Armed with this advice we set about trying to find a second hand Isuzu 6BD1-T and transmission. It turns out that these are very popular engines with a great reputation - and thus quite well sought after. We finally found an engine and gearbox at National Truck Spares on the east coast. I negotiated a price for the engine, gearbox, freight across the country and everything we would need to fit the engine. This was basically everything from the radiator to (and including) the tail shaft. The price quoted was $7500. The engine had done less than 100,000km and would be guaranteed for 6 months or 50,000km from fitting. All that remained was to find somebody to fit the new engine.

We also found out that we needed to apply to the WA Land Transport dpt for approval to fit the new engine. This turned out to be little more than a formality - just some forms to complete and the work would have to be inspected by an engineer (we also needed to transfer the bus registration to WA).



In phoning around mechanics in the area, we received responses ranging from a polite "No thanks" to "yea mate, bring her round, I should be able to look at it in about 3 months". Some quoted as much as $12,000 over the phone!

The new Isuzu 6BD1-T still on the shipping pallet - [Click for a Larger Image]
The new Isuzu 6BD1-T still on the
shipping pallet

We finally found an older man who owned a tiny bus company running mainly Bedford buses. Ian was an English born mechanic and had worked on Bedford buses most of his life. Ian estimated $3500 to fit the new engine.


We paid for the new engine and arranged to have it delivered to Ian's workshop. 


Just a couple of days later we had a call from Ian to say that the engine had arrived. We then had to arrange to get the now engineless bus towed to Ian's workshop on the other side of Perth.


It took a little over three weeks before we finally got the call to come over and start the wiring process (I am a sparkie, so was able to do all the wiring myself). Actually there was not much to wire...

Glow Plugs (and relay), water temp sensor, oil pressure sensor, starter and alternator - that's about it.

The new Isuzu 6BD1-T engine in place - [Click for a Larger Image]
The new Isuzu 6BD1-T
engine in place


A few days later the work was finished and we were able to take it for a test drive. There was no engine cover yet (we had to make a new one) so it was incredibly loud inside the bus. We had no rev counter and no Speedo, so it was very hard to get any idea how it was going.

It was time to pay for the work...


Ian suggested that $7000 might just about cover the work. This seemed just a bit of a stretch from the $3500 originally estimated and we finally settled on $6000. It was agreed that this would be paid after the engineering report and the bus passed certification.

The next weekend saw the new engine cover fitted and the Speedo and rev counter installed.

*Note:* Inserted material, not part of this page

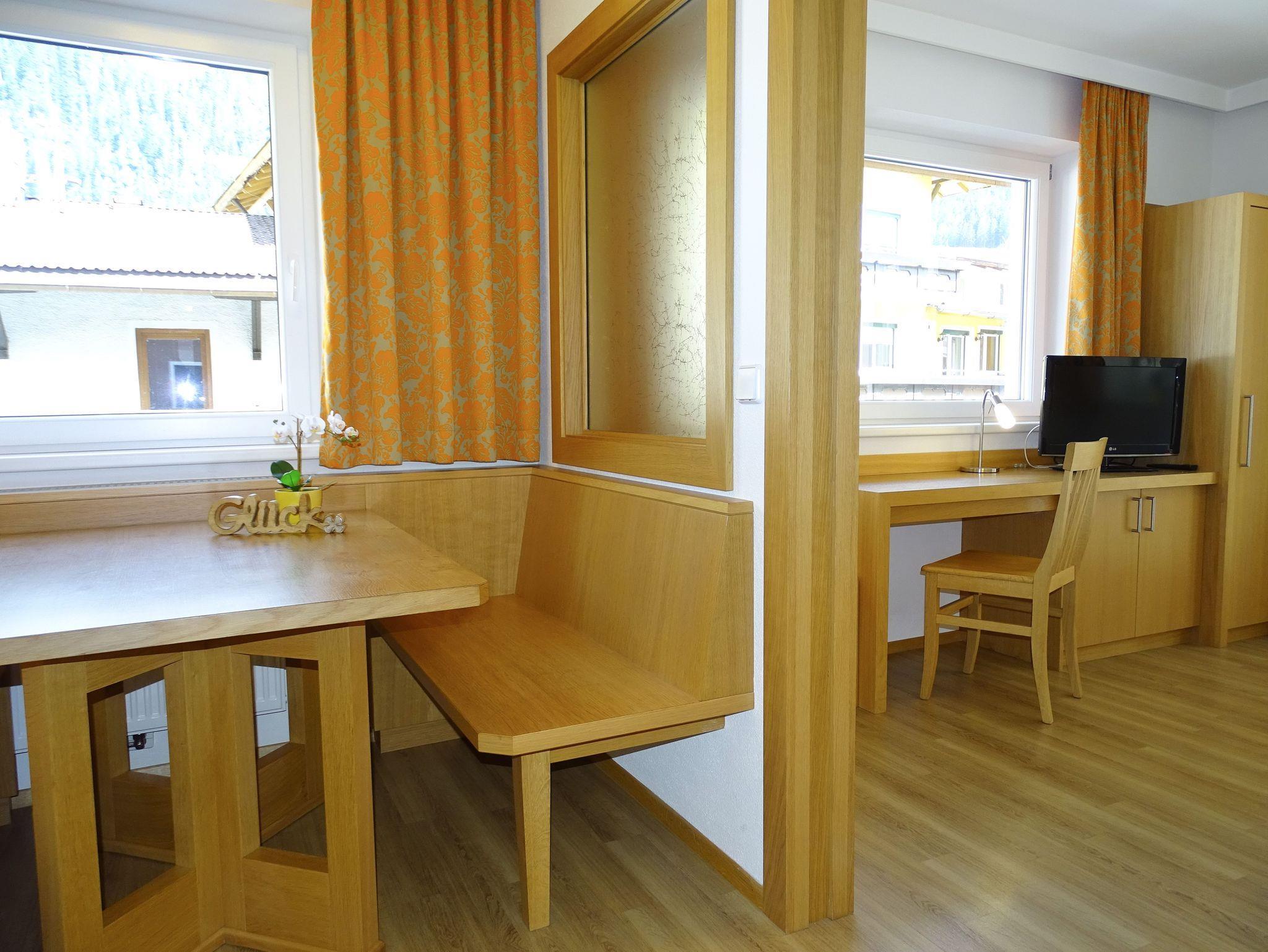 Die Ferienwohnungen für 2-6 Personen sind gut ausgestattet und verteilen sich auf zwei nebeneinander liegende Häuser. Fast alle Wohnungen haben einen Balkon mit Blick auf die umliegende Bergwelt und die Fußgängerzone von Mayrhofen. Im Haus gibt es einen Skiraum mit Skischuhtrockner. Die Ferienwohnungen sind Nichtraucherwohnungen. Pro Appartement steht ein kostenfreier Parkplatz zur Verfügung.

She was now ready for the engineer.   

 Tracey took the bus for the engineering report and it had no issues and passed with flying colors.



Here is how the final tally up looked.


Removal and assessment of old engine $1500
Towing the bus to the workshop $ 250 
New engine (s/h Isuzu 6BD1-T) inc freight $7500
Fitting the engine and gearbox $6000
Total $15250


Two years and 40,000 km later, we are still very happy with the engine and the fitting that Ian did. The old engine averaged 3.1km/l of diesel, the new engine gets 4.4km/l on average. It is less than half the noise inside the bus and the road speed is better as the new engine is able to rev higher. The new engine develops 185 HP (according to the specs) however it needs the turbo charger working at full capacity to do this. This means that the engine lacks the take-off power that the old 466 had. Not a really big issue - but one we need to be aware of.


The big question - was it the right choice? - Despite costing a lot more than we expected, we think it was the right decision. Ask us again in another 100,000 km's



An interesting side note - My sister and brother-in-law purchased a Bedford around this time and decided to recondition their engine. It turned out that their block was warped. So our old 466 was reconditioned and fitted to their bus. It has done very few km's in the last two years but it is about to get a work out as they will be starting their travels soon. Lets hope the old Bedford 466 is up to her reputation for solid reliability.